A construção civil têm superado os dados agregados divulgados pelo Instituto Brasileiro de Geografia e Estatística (IBGE). Enquanto o instituto aponta crescimento de apenas 0,5% no Produto Interno Bruto (PIB) do setor em 2025, o Instituto Brasileiro de Economia da Fundação Getulio Vargas (FGV IBRE) estima uma expansão de 2,8% na atividade das empresas de construção.

Especialistas afirmam que a discrepância decorre da metodologia. O cálculo do IBGE inclui não apenas o desempenho das construtoras, mas também as obras realizadas por pessoas físicas, como as auto construções e reformas - segmento informal que apresentou queda, pressionado por juros elevados - o que mascarou o resultado das construtoras.

Apesar desse cenário, o segmento formal segue aquecido.
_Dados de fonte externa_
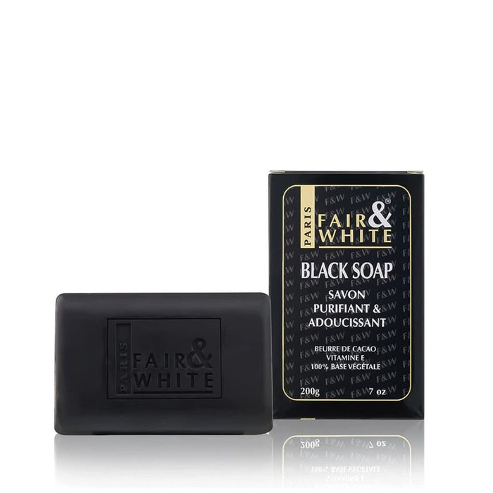Fair and White Black Soap Purifying and Softening Soap Designed to remove surface impurities without stripping skin of moisture. Black Soap cleanses deep within pores, preventing further bacteria build-up with Benzyl Salicylate.

A demanda por projetos ligados ao programa Minha Casa Minha Vida e o avanço das obras de infraestrutura têm sustentado o nível de atividade, compensando a queda nos lançamentos de empreendimentos voltados à classe média.

O dinamismo das construtoras também se reflete no mercado de trabalho. Em 2025, o setor formal da construção gerou 87,8 mil empregos no país, um aumento de 3% no contingente de trabalhadores.

Para o primeiro semestre deste ano, a expectativa é de manutenção do ritmo, impulsionado principalmente pela aceleração de obras públicas por governos estaduais em período pré-eleitoral. A tendência, no entanto, é de perda de fôlego no segundo semestre, à medida que esse impulso diminui.

O início do ciclo de corte de juros também contribui para melhorar as perspectivas, embora em ritmo mais lento do que o esperado. A redução recente da taxa básica em 0,25 ponto porcentual, abaixo das projeções iniciais, indica que os efeitos positivos sobre o mercado imobiliário devem levar mais tempo para se consolidar.

Por outro lado, o segmento informal pode voltar a ganhar tração com a nova política de isenção do Imposto de Renda para quem recebe até R$ 5 mil mensais, aumentando a renda disponível das famílias para reformas e pequenas obras.